Task to carry out:
Without including any pictures, copy every line below exactly.
--*--
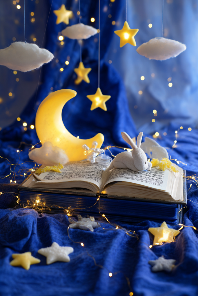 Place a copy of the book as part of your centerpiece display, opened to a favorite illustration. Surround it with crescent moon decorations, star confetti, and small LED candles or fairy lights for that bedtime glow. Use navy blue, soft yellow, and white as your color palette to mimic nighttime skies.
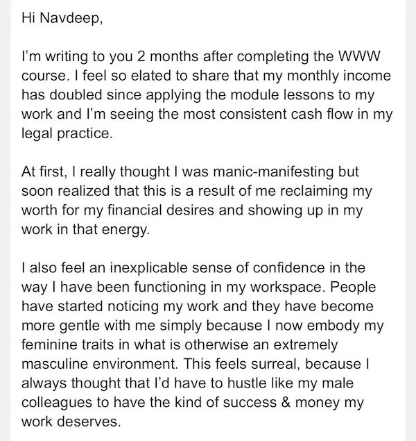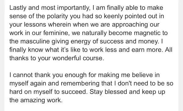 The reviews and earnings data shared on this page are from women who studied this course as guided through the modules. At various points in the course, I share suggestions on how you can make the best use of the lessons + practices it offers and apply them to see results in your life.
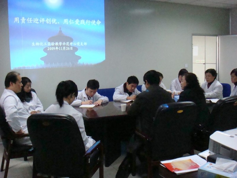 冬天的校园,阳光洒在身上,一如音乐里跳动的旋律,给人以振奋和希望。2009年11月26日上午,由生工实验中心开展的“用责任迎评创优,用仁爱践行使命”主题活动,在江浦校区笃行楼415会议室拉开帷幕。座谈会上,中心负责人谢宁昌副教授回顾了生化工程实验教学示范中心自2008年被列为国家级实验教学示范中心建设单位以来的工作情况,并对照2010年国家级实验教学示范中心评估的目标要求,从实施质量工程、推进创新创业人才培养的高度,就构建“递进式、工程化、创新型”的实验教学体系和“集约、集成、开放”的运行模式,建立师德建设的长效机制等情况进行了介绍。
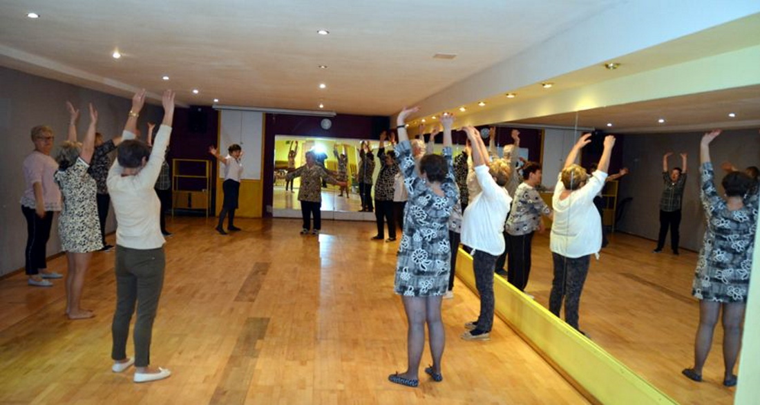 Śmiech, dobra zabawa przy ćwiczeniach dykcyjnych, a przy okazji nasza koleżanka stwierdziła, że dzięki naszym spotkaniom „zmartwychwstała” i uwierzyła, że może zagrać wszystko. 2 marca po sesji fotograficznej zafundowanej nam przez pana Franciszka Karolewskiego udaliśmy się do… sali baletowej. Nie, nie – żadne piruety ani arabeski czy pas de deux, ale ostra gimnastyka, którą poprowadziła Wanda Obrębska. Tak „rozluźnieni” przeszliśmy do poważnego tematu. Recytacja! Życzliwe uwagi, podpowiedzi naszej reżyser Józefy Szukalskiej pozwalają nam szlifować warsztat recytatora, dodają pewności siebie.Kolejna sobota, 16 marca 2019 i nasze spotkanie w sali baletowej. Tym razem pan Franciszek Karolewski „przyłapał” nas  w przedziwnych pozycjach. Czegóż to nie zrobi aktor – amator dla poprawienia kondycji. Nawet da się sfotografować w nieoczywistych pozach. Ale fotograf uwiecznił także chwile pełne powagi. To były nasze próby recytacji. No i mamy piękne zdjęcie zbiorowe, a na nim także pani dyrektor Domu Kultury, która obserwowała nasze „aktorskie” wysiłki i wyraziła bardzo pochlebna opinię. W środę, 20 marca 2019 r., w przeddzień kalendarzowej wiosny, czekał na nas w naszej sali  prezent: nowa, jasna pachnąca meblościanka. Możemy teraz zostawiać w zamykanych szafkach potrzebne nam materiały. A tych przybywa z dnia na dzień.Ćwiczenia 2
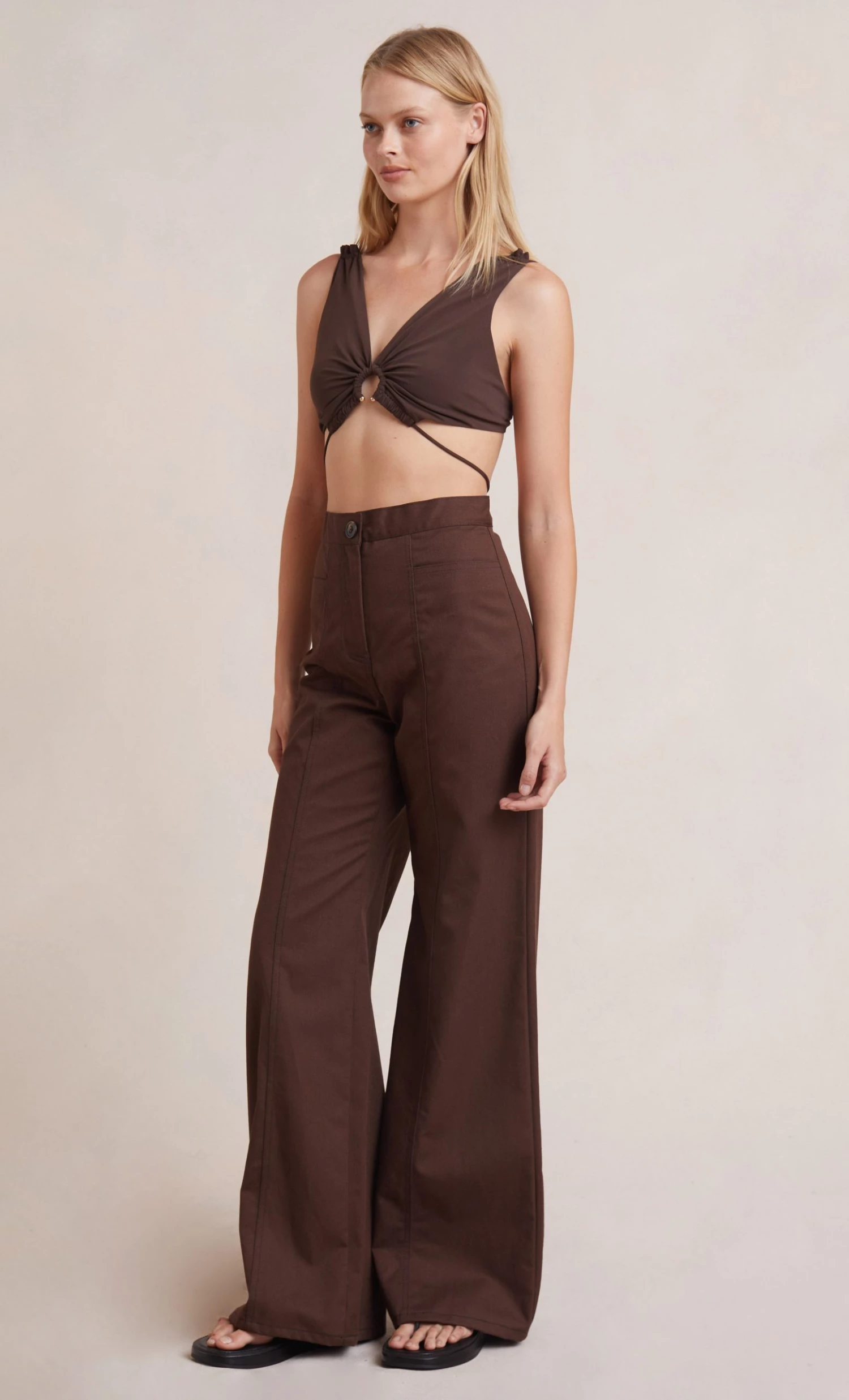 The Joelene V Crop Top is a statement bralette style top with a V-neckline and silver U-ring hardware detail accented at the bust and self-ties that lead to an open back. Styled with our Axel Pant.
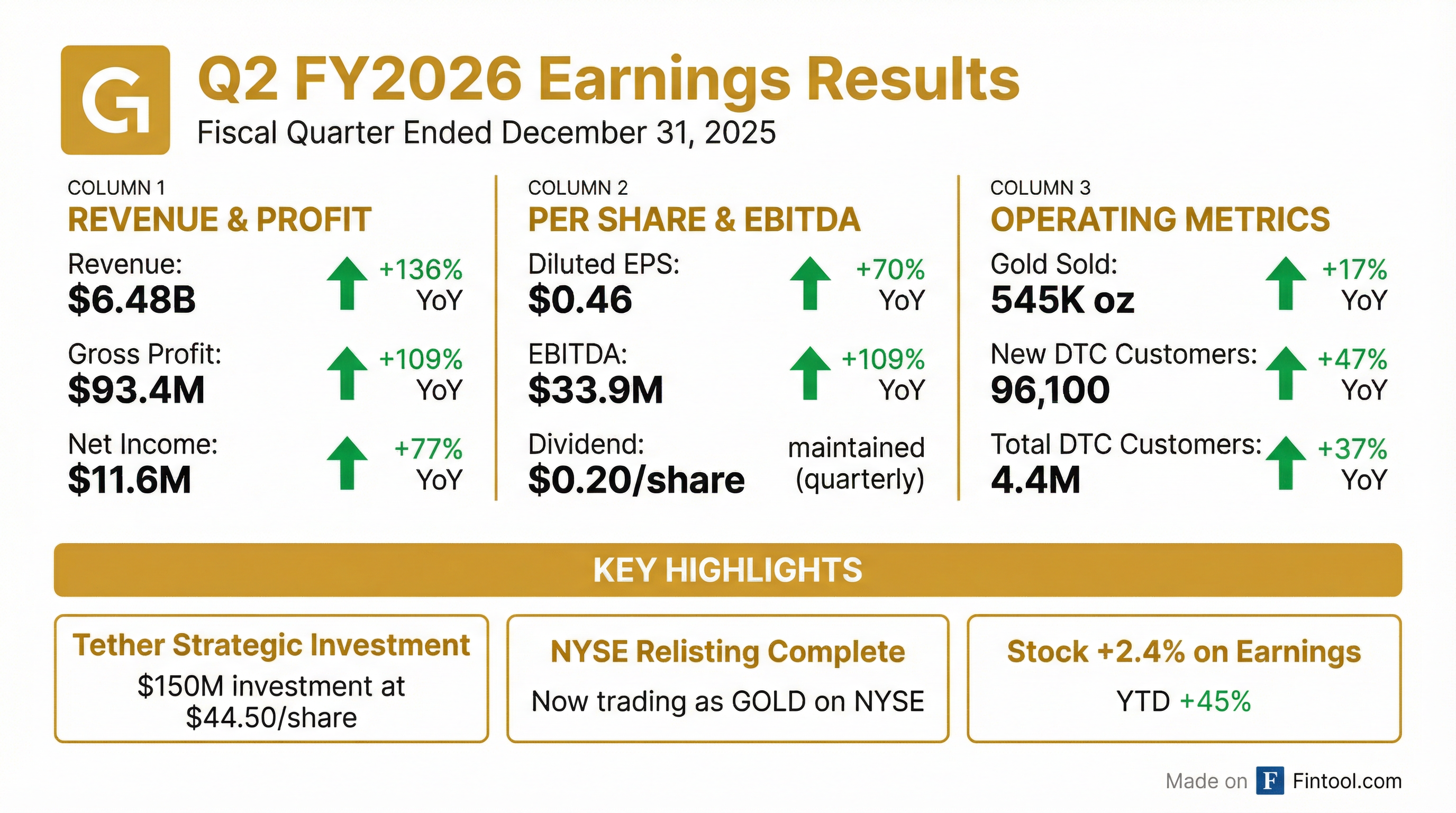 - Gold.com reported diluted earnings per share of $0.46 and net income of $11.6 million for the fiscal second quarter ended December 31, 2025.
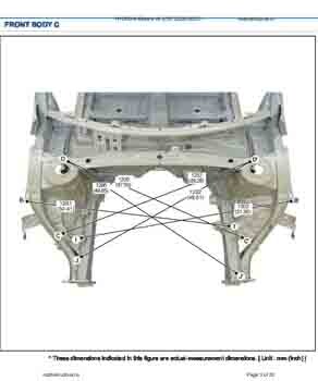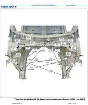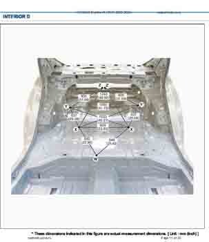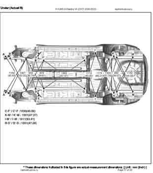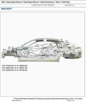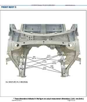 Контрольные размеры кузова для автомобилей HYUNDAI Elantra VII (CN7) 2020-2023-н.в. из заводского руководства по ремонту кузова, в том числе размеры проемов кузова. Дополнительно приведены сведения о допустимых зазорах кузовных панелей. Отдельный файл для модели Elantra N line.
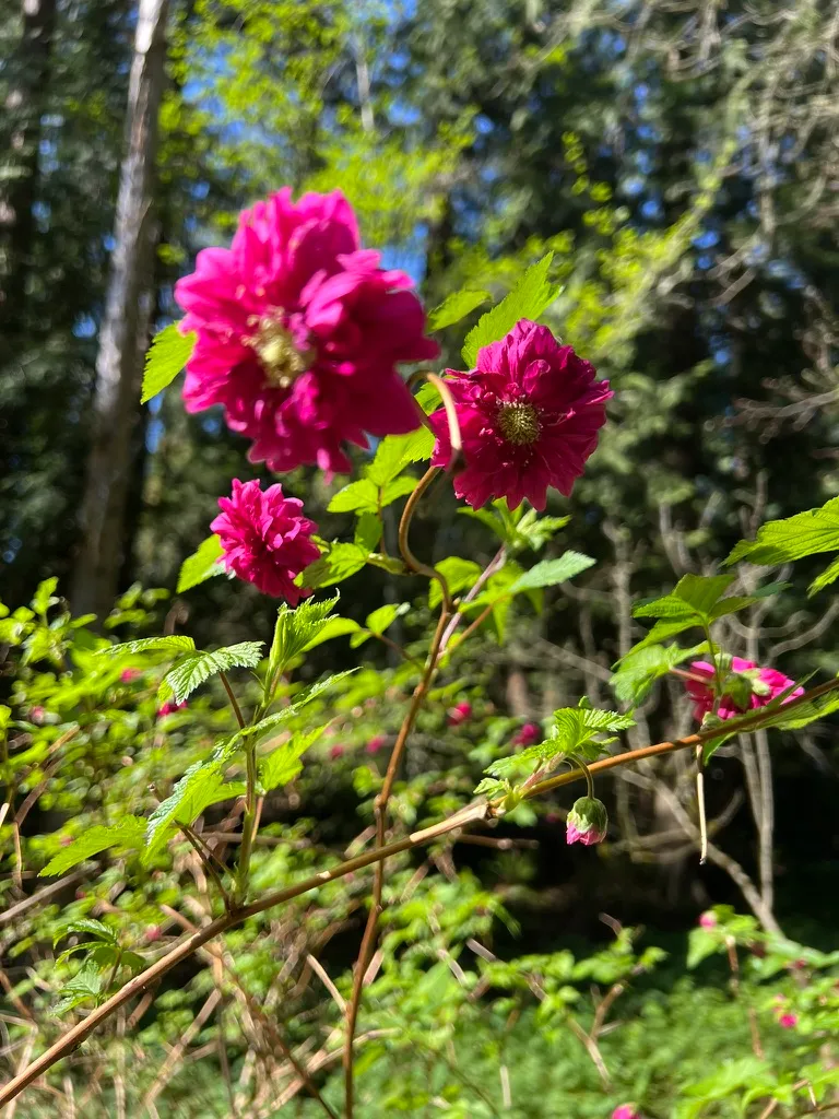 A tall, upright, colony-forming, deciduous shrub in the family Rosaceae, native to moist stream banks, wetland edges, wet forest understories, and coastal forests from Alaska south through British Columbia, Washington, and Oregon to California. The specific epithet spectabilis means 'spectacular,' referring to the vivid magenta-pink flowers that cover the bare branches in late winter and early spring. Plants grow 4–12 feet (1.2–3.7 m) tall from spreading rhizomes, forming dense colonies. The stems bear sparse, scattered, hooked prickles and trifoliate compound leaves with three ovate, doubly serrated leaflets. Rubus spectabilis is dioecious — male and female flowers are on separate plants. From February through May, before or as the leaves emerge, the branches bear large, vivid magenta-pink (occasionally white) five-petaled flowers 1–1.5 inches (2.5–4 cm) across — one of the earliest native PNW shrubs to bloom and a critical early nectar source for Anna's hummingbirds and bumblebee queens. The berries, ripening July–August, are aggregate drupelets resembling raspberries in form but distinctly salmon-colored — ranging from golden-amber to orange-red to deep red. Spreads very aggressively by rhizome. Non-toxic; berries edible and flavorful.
--*--
Exercise result:
 Place a copy of the book as part of your centerpiece display, opened to a favorite illustration. Surround it with crescent moon decorations, star confetti, and small LED candles or fairy lights for that bedtime glow. Use navy blue, soft yellow, and white as your color palette to mimic nighttime skies.
 The reviews and earnings data shared on this page are from women who studied this course as guided through the modules. At various points in the course, I share suggestions on how you can make the best use of the lessons + practices it offers and apply them to see results in your life.
 冬天的校园,阳光洒在身上,一如音乐里跳动的旋律,给人以振奋和希望。2009年11月26日上午,由生工实验中心开展的“用责任迎评创优,用仁爱践行使命”主题活动,在江浦校区笃行楼415会议室拉开帷幕。座谈会上,中心负责人谢宁昌副教授回顾了生化工程实验教学示范中心自2008年被列为国家级实验教学示范中心建设单位以来的工作情况,并对照2010年国家级实验教学示范中心评估的目标要求,从实施质量工程、推进创新创业人才培养的高度,就构建“递进式、工程化、创新型”的实验教学体系和“集约、集成、开放”的运行模式,建立师德建设的长效机制等情况进行了介绍。
 Śmiech, dobra zabawa przy ćwiczeniach dykcyjnych, a przy okazji nasza koleżanka stwierdziła, że dzięki naszym spotkaniom „zmartwychwstała” i uwierzyła, że może zagrać wszystko. 2 marca po sesji fotograficznej zafundowanej nam przez pana Franciszka Karolewskiego udaliśmy się do… sali baletowej. Nie, nie – żadne piruety ani arabeski czy pas de deux, ale ostra gimnastyka, którą poprowadziła Wanda Obrębska. Tak „rozluźnieni” przeszliśmy do poważnego tematu. Recytacja! Życzliwe uwagi, podpowiedzi naszej reżyser Józefy Szukalskiej pozwalają nam szlifować warsztat recytatora, dodają pewności siebie.Kolejna sobota, 16 marca 2019 i nasze spotkanie w sali baletowej. Tym razem pan Franciszek Karolewski „przyłapał” nas  w przedziwnych pozycjach. Czegóż to nie zrobi aktor – amator dla poprawienia kondycji. Nawet da się sfotografować w nieoczywistych pozach. Ale fotograf uwiecznił także chwile pełne powagi. To były nasze próby recytacji. No i mamy piękne zdjęcie zbiorowe, a na nim także pani dyrektor Domu Kultury, która obserwowała nasze „aktorskie” wysiłki i wyraziła bardzo pochlebna opinię. W środę, 20 marca 2019 r., w przeddzień kalendarzowej wiosny, czekał na nas w naszej sali  prezent: nowa, jasna pachnąca meblościanka. Możemy teraz zostawiać w zamykanych szafkach potrzebne nam materiały. A tych przybywa z dnia na dzień.Ćwiczenia 2
 The Joelene V Crop Top is a statement bralette style top with a V-neckline and silver U-ring hardware detail accented at the bust and self-ties that lead to an open back. Styled with our Axel Pant.
 - Gold.com reported diluted earnings per share of $0.46 and net income of $11.6 million for the fiscal second quarter ended December 31, 2025.
 Контрольные размеры кузова для автомобилей HYUNDAI Elantra VII (CN7) 2020-2023-н.в. из заводского руководства по ремонту кузова, в том числе размеры проемов кузова. Дополнительно приведены сведения о допустимых зазорах кузовных панелей. Отдельный файл для модели Elantra N line.
 A tall, upright, colony-forming, deciduous shrub in the family Rosaceae, native to moist stream banks, wetland edges, wet forest understories, and coastal forests from Alaska south through British Columbia, Washington, and Oregon to California. The specific epithet spectabilis means 'spectacular,' referring to the vivid magenta-pink flowers that cover the bare branches in late winter and early spring. Plants grow 4–12 feet (1.2–3.7 m) tall from spreading rhizomes, forming dense colonies. The stems bear sparse, scattered, hooked prickles and trifoliate compound leaves with three ovate, doubly serrated leaflets. Rubus spectabilis is dioecious — male and female flowers are on separate plants. From February through May, before or as the leaves emerge, the branches bear large, vivid magenta-pink (occasionally white) five-petaled flowers 1–1.5 inches (2.5–4 cm) across — one of the earliest native PNW shrubs to bloom and a critical early nectar source for Anna's hummingbirds and bumblebee queens. The berries, ripening July–August, are aggregate drupelets resembling raspberries in form but distinctly salmon-colored — ranging from golden-amber to orange-red to deep red. Spreads very aggressively by rhizome. Non-toxic; berries edible and flavorful.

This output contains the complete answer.